Schock-Werner: Was nur eine Annahme ist. Jetzt, bzw. beim nächsten Erdbeben und Sturm können wir es messen. Und wenn wir genug Daten gesammelt haben, können wir tatsächlich Aussagen darüber machen, wie sich der Dom ab welcher Beben- und Sturmstärke bewegt, wann ist die Architektur in Gefahr.



domradio.de: Gibt es denn Grund zur Beunruhigung? Müssen wir fürchten, dass der Dom einstürzt?

Schock-Werner: Nein, im Gegenteil. Alle Daten, die wir seither gesammelt haben, zeigen, dass er viel stabiler ist, als man bisher angenommen hat; dass sich die Türme eben weniger bewegen. Und dass auch das Glockengeläut etwa - das war das Erste, was wir gemessen haben mit der Messstation auf den Gewölben -, das Langhaus in etwa ein Fünftel Millimeter Bewegung versetzt. Das ist gar nichts. Und dann zu sagen, dass der Dom beim Glockenläuten schunkelt - wie bei SPIEGEL ONLINE steht? Das ist ein sehr, sehr sparsames Schunkeln!

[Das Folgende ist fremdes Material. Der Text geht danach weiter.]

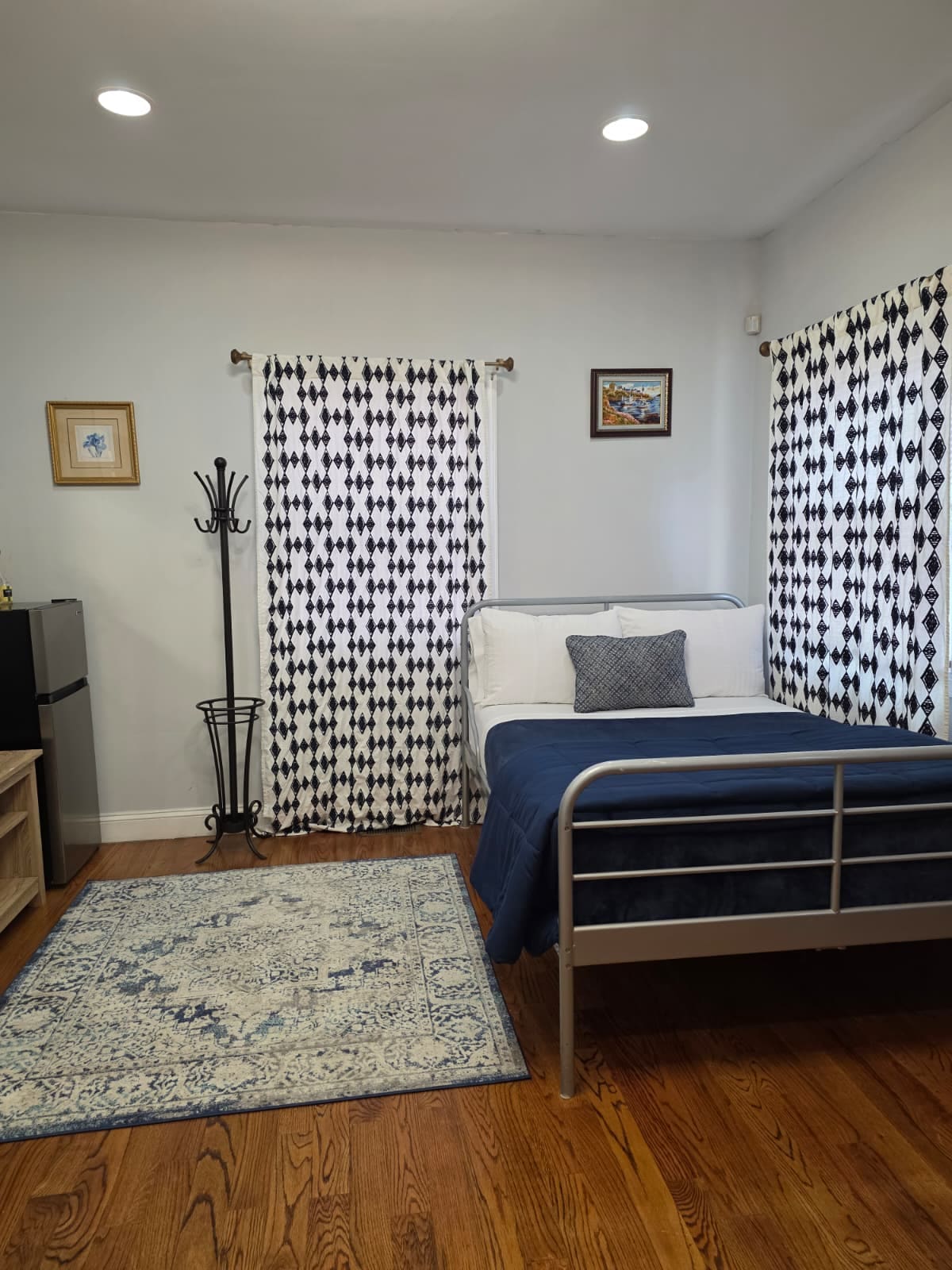 Son confort vous fera sentir comme chez vous dès que vous entrerez. Cette jolie suite au rez-de-chaussée de 280 pieds carrés est entièrement meublée et joliment décorée - elle est livrée avec tout ce que vous pouvez imaginer. Il se compose d'une chambre, d'une salle de bain et d'un coin cuisine/salle à manger/salon. Taille des chambres : Chambre : 10 pi x 7 1/2 pi Cuisine LR DR : 19 pi x 10 pi Bain : 40 po x 80 po Étant donné la proximité de tout, c'est parfait pour les voyageurs qui prévoient de se rendre en ville en train ou de se déplacer en Uber.

Das Gespräch führte Uta Vorbrodt.  



Hintergrund

Erdbeben, Glockenschlag und Zugverkehr: Der Kölner Dom gerät in regelmäßigen Abständen ins Schwanken. Dies geht aus neuen Untersuchungen der Universität Köln hervor. Durch das Tsunami-Beben im 9.000 Kilometer entfernten Japan im März 2011 habe sich der Dom mehrmals und vollständig um einen Zentimeter auf und ab bewegt, schreiben die Experten im Fachmagazin "Seismological Research Letters". Bei einem Beben der Stärke 4,4 im rund 90 Kilometer entfernten Koblenz hätten die 157 Meter hohen Türme mehrere Minuten um den Bruchteil eines Millimeters gewankt.

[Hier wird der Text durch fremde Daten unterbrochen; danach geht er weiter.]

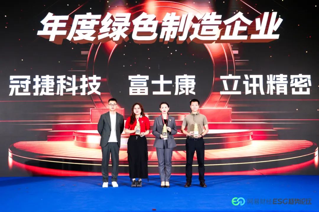 10月29日,在2024网易财经ESG趋势论坛上,ag手机网页版(下称“立讯精密”)凭借在绿色制造领域的杰出表现脱颖而出,荣获“年度绿色制造企业”奖项,展现了在可持续发展领域的亮眼成绩。

Die leichten Erschütterungen werden offensichtlich durch den Untergrund des Prachtbaus gefördert. Denn die Kirche steht auf etwa 300 Meter dickem Sandboden. Hochrechnungen zufolge könnte ein Beben der Stärke 6,0 in 20 Kilometer Entfernung die Kirchentürme um sieben Zentimeter bewegen, sagte Forschungsleiter Klaus-Günter Hinzen am Dienstag der Nachrichtenagentur dapd. Vor 20 Jahren hatte ein Beben der Stärke 5,4 in 60 Kilometer Entfernung Verzierungen des Prachtbaus abbrechen lassen.

Selbst der "Decke Pitter", die größte frei schwingende Glocke der Welt, rüttelt an dem Bau. Wenn der Klöppel im Südturm zuschlage, schwinge der Nordturm um 0,2 Millimeter, sagte Hinzen, der auch Leiter der Erdbebenstation Bensberg ist. Im Südturm sei die Eruption noch größer.

Im Alltag wanken die Türme im tausendstel Millimeterbereich. Für Menschen sei dies nicht spürbar, sagte Hinzen. Auch der Kölner Hauptbahnhof, den täglich 1.200 Züge passieren, zehrt an der zweithöchsten Kirche Deutschlands. Einen weiteren Einfluss habe die Temperatur. "Bei Frost frieren die Steine und die Schwingungen werden schneller", sagte Hinzen. Dennoch bestehe für das Jahrhunderte alte Bauwerk keine große Gefahr. "Die Türme sind in sich sehr massiv."

Für die Messungen hatten die Geophysiker in den vergangenen Jahren fünf Sensoren an verschiedenen Positionen montiert. Aus den Daten wollen die Wissenschaftler ein Warnsystem für Stürme und starke Erdbeben aufbauen.